Recensione Torchlight

Recensione Torchlight

So che i giochi offline, nel mondo del wifi e dei grandi mmorpg, fanno molto anni ’90 e che la longevità e il grado di coinvolgimento in videogames come World of Warcraft, mai potranno essere propri di una qualsiasi avventura che avviene nella più completa solitudine, in forza del suo distacco dal mondo di internet; so anche che i difetti di giochi offline stanno soprattutto nella ripetitività della sequenza di gioco, forse il fantasma più temuto dagli sviluppatori, dovuta ad un‘intelligenza artificiale (IA) che spesso ragiona in un’unica direzione e una volta capito il suo think process, il gioco è già risolto per intero.

Non è, tuttavia, del tutto vero che ci siano giochi che, pur privi di collegamento ad internet ed interazione con players di tutto il mondo, siano in grado di regalarci piacevoli quarti d’ora. Casi isolati e sempre più rari, d’accordo, ma assolutamente esistenti.

Il gioco che andiamo a vedere ora è Torchlight, un adventure game un po’ atipico, che permette di vivere un’esperienza di gioco in una mistica epoca non meglio identificata, che vedi la presenza di valorosi guerrieri, maghi, stregoni e malvagi mostri.

La struttura del gioco è basata su un filone principale, che consiste nel superare i livelli (floors), dalle varie e ben realizzate ambientazioni, dal verde della natura, alla fredda roccia delle cave, per far progredire la trama del gioco, e su scenari incidentali, che sviluppano trame alternative aperte dall’accettazione, o meno, di Quest (richieste, d’aiuto solitamente) proposte da vari personaggi che si incontrano lungo il percorso.

Sono tre i possibili protagonisti con cui giocare, ognuno dei quali ha caratteristiche e abilità proprie: i guerrieri, di base molto forti e resistenti agli attacchi, i ranger, amanti dell’esplorazione, quindi veloci e abili con le armi “range” (da tiro, archi o archibugi) e, infine, gli incantatori, molto poco dotati in forza, ma temibili sotto il punto di vista delle capacità magiche, essendo in grado di lanciare potenti sortilegi.

Accanto al personaggio da noi scelto, molto intelligentemente il gioco, per lenire la solitudine di un uomo in mezzo ad un regno sconfinato, consente di selezionare un animale (cane o gatto, un “pet“), con suoi punti vita e punti mana, che ci verrà sempre dietro durante le mappe e che è fornito di abilità speciali, molte delle quali siamo proprio noi ad insegnargliele, e ci aiuterà in ogni singolo combattimento.

Con lo sconfiggere dei nemici, saliremo di livello; altro fattore che incide positivamente sulla longevità è quello che prevede un amplissimo numero di armi, armature ed equipaggiamenti in generale, di cui la maggioranza è personalizzabile grazie a gemme di vario colore in grado di aumentarne le caratteristiche.

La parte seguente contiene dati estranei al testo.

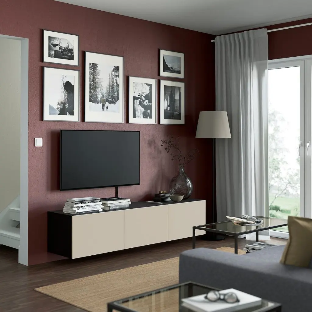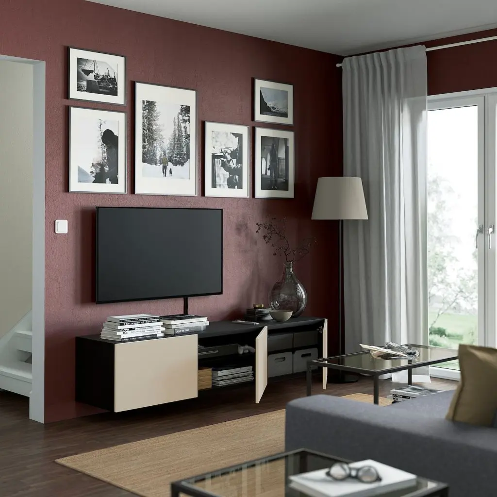 Чтобы подчеркнуть современный и лаконичный стиль интерьера, тумбу под ТВ БЕСТО можно закрепить на стене. Дополнительный плюс — ножки не будут мешать уборке.Благодаря нескольким отверстиям на задней панели тумбы под ТВ провода от телевизора и других устройств всегда будут под рукой, но не на виду.Специальное отверстие в верхней панели обеспечит удобное и компактное размещение проводов.Съемные полки позволяют регулировать пространство.Вы можете использовать нажимной механизм или устройство для плавного закрывания. В первом варианте для открывания дверцы достаточно слегка нажать на нее. А во втором – гарантировано плавное и бесшумное закрывание.Организуйте и оптимизируйте систему для хранения БЕСТО, используя подходящие коробки и вставки.Мы рекомендуем, чтобы тумба была немного шире, чем установленный на ней телевизор. Эта тумба подходит для телевизора до 72 дюймов. Вы можете выбрать телевизор большего размера, если он не тяжелее указанной максимальной нагрузки на верхнюю панель тумбы.Верхняя панель этой тумбы предназначена для телевизора весом макс. 50 кг.Если вы выберете функцию плавного закрывания, рекомендуем дополнить фасады ручками, чтобы открывать ящики/шкафы было удобнее.Максимальная нагрузка на закрепленный на стене модуль зависит от материала стены.Для разных стен требуются различные крепежные приспособления. Подберите подходящие для ваших стен шурупы, дюбели, саморезы и т. п. (не прилагаются).Стоящая на полу тумба под ТВ должна быть закреплена к стене с помощью прилагающего стенного крепежа.

Il parco equipaggiamenti, quindi, dai coprispalla, agli elmi, fino agli stivali, è veramente molto nutrito, invogliando il giocatore a proseguire nelle mappe e salire di livelli, al fine di poter indossare o portare epici oggetti di altre ere, in grado di rendere il nostro personaggio molto più forte. Il tutto, ovviamente condito da un centro di ritrovo del gioco, il villaggio del protagonista, raggiungibile in ogni momento tramite un apposito portale creato in qualsiasi parte dei floor, popolato da mercanti di ogni genere, per acquistare letali mazze ferrate o potenti bordoni, far incantare le armi per aggiungere loro capacità di ghiacciare o avvelenare i nemici o, ancora, conservare o vendere gli strumenti raccolti in giro per le missioni, dai nemici caduti o da speciali bauli.

Insomma, un’esperienza di gioco tutta da provare, visto che il prezzo è contenuto (19$, ancora meno se acquistato tramite la piattaforma di Steam), in grado di regalarci momenti piacevoli al termine di una dura giornata di studio o lavoro, senza la pretesa di obbligarci a costruire un progetto impegnativo, con la compagnia di altri giocatori: un gioco che da sè non si prende sul serio e che mira a regalare una porzione di divertimento ai giocatori, senza voler imitare nessuno.